Microsoft’s CEO, Satya Nadella, has described the acquisition as the key to the software giant’s future efforts in the business applications market. At their heart lies an ambitious undertaking to give business professionals a vast new set of tools and data with which to collaborate and solve common business problems.
To win EC approval, Microsoft agreed to continue to allow rival social networks to access the Office suite’s application programming interfaces. These APIs allow different applications to communicate with one another and will give LinkedIn’s competitors the same level of access to the Microsoft Office suite that they have today.
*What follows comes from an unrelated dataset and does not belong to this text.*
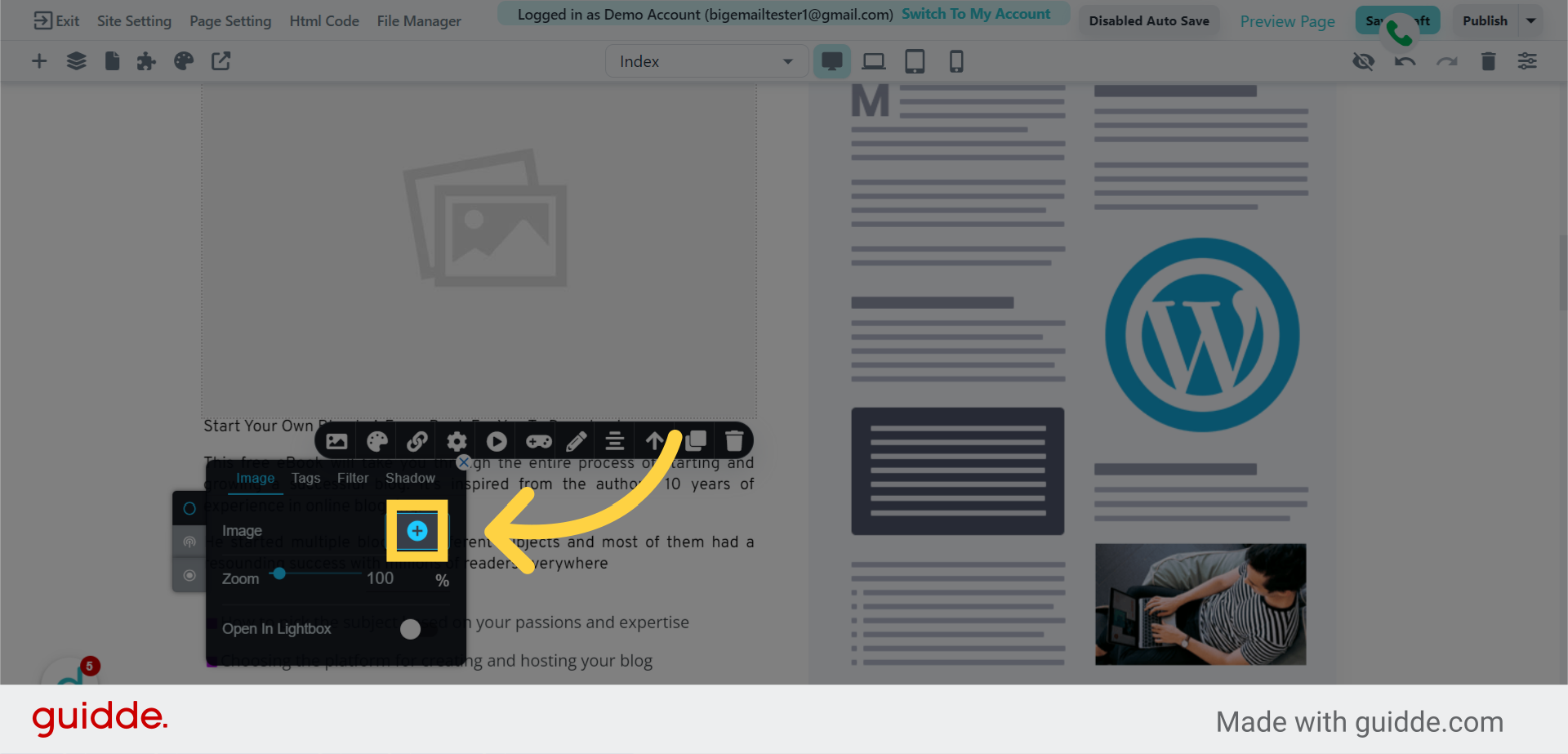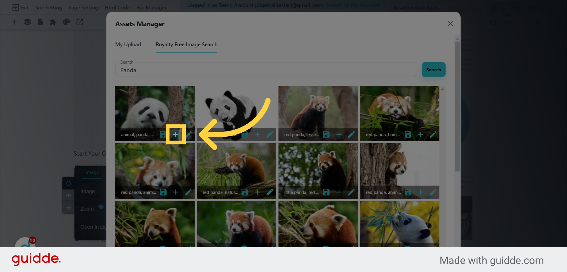 Select the desired image by clicking the "+" icon. Your image will be added to the page.

In addition, Microsoft will give rival social networks access to its Office Graph, the search and machine learning technology that will underpin most of the combined company’s new initiatives. Such access would, for example, allow professional profiles from competitors’ sites to be displayed in a Microsoft Outlook calendar entry.
Microsoft also agreed that it would not require computer makers to install LinkedIn on Windows PCs. The company’s concessions only apply to markets that are part of European Union. While the software maker may follow suit in other regions, under the agreement it is not bound to do so.